Reproduce exactly, and only, the lines of the material below running from the line bearing "A white collared" through the line bearing "Sada protiskluzových mini". Leave any pictures out.

DATASET EXCERPTS ->
---+---
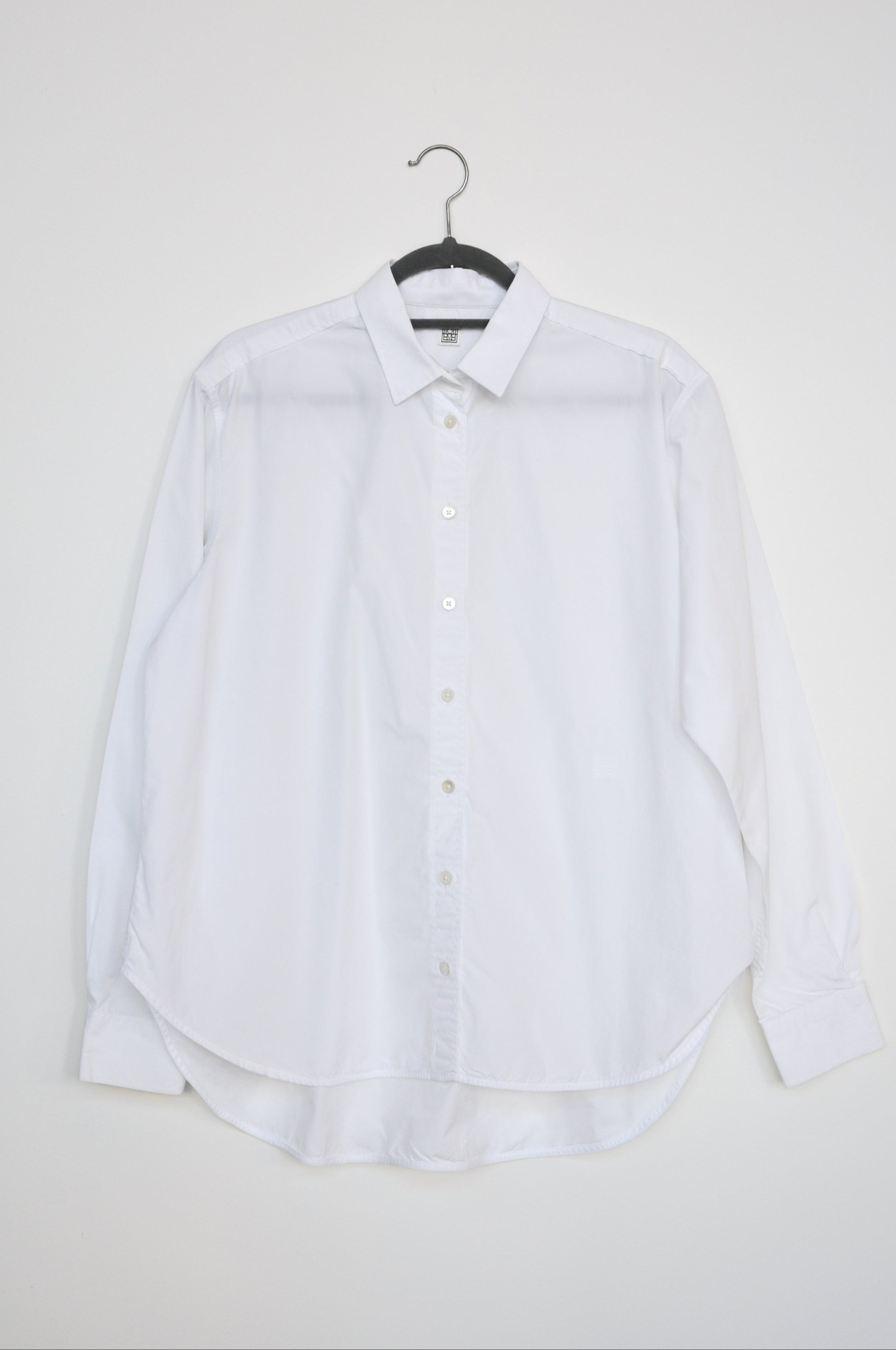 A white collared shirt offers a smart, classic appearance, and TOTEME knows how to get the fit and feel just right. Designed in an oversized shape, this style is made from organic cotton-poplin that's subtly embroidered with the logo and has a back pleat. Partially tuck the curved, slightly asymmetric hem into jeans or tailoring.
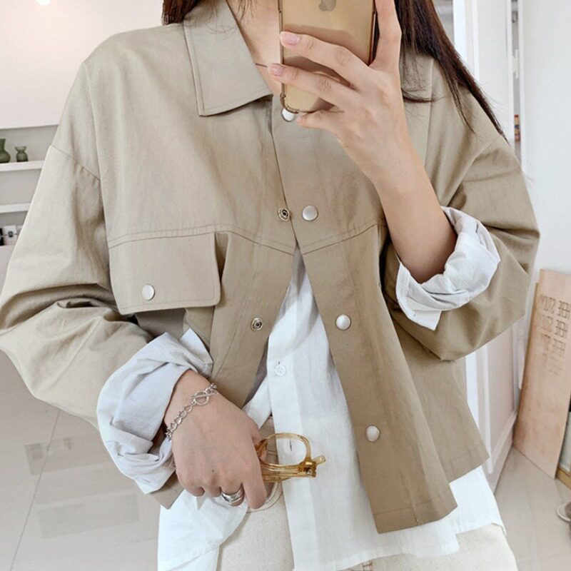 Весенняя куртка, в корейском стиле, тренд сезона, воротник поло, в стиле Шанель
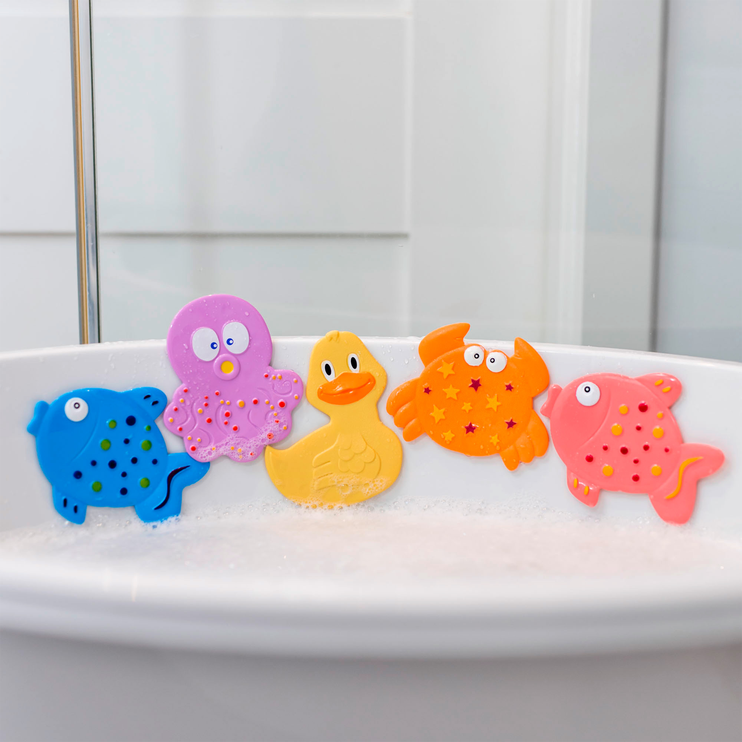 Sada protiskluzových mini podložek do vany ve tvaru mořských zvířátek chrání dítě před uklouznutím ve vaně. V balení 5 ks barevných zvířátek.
---+---
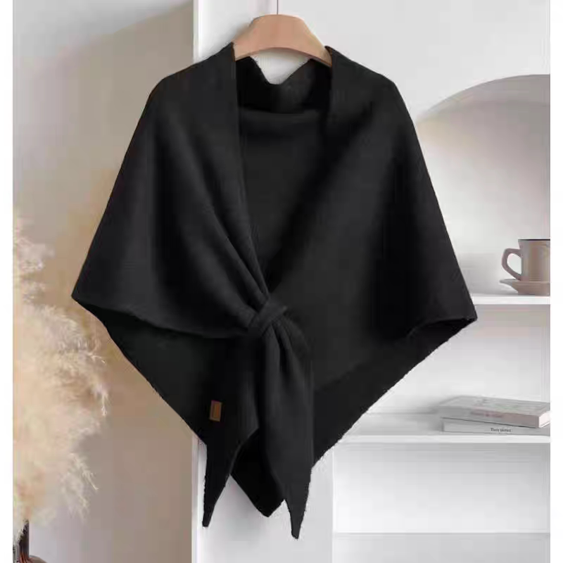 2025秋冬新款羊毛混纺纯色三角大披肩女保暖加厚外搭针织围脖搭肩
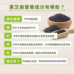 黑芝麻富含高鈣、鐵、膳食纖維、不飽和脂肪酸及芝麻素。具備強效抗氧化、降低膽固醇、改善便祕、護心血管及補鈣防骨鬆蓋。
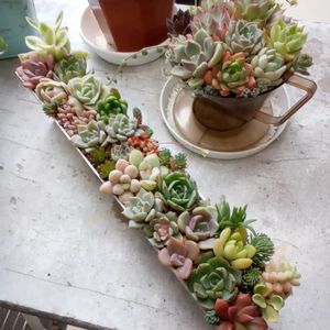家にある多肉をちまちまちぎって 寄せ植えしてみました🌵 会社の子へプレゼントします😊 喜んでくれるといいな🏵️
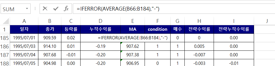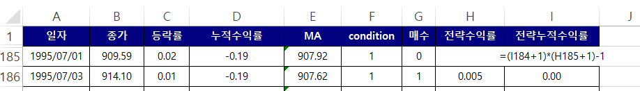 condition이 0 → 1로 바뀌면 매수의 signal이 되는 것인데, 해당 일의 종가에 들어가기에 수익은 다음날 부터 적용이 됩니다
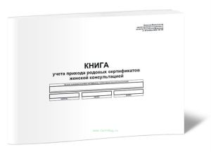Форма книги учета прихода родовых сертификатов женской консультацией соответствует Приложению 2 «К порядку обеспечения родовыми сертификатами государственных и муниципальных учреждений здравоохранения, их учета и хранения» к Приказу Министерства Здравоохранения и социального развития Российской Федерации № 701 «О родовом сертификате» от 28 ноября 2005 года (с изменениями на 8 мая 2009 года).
---+---
SOLUTION TO THIS PROBLEM ->
 A white collared shirt offers a smart, classic appearance, and TOTEME knows how to get the fit and feel just right. Designed in an oversized shape, this style is made from organic cotton-poplin that's subtly embroidered with the logo and has a back pleat. Partially tuck the curved, slightly asymmetric hem into jeans or tailoring.
 Весенняя куртка, в корейском стиле, тренд сезона, воротник поло, в стиле Шанель
 Sada protiskluzových mini podložek do vany ve tvaru mořských zvířátek chrání dítě před uklouznutím ve vaně. V balení 5 ks barevných zvířátek.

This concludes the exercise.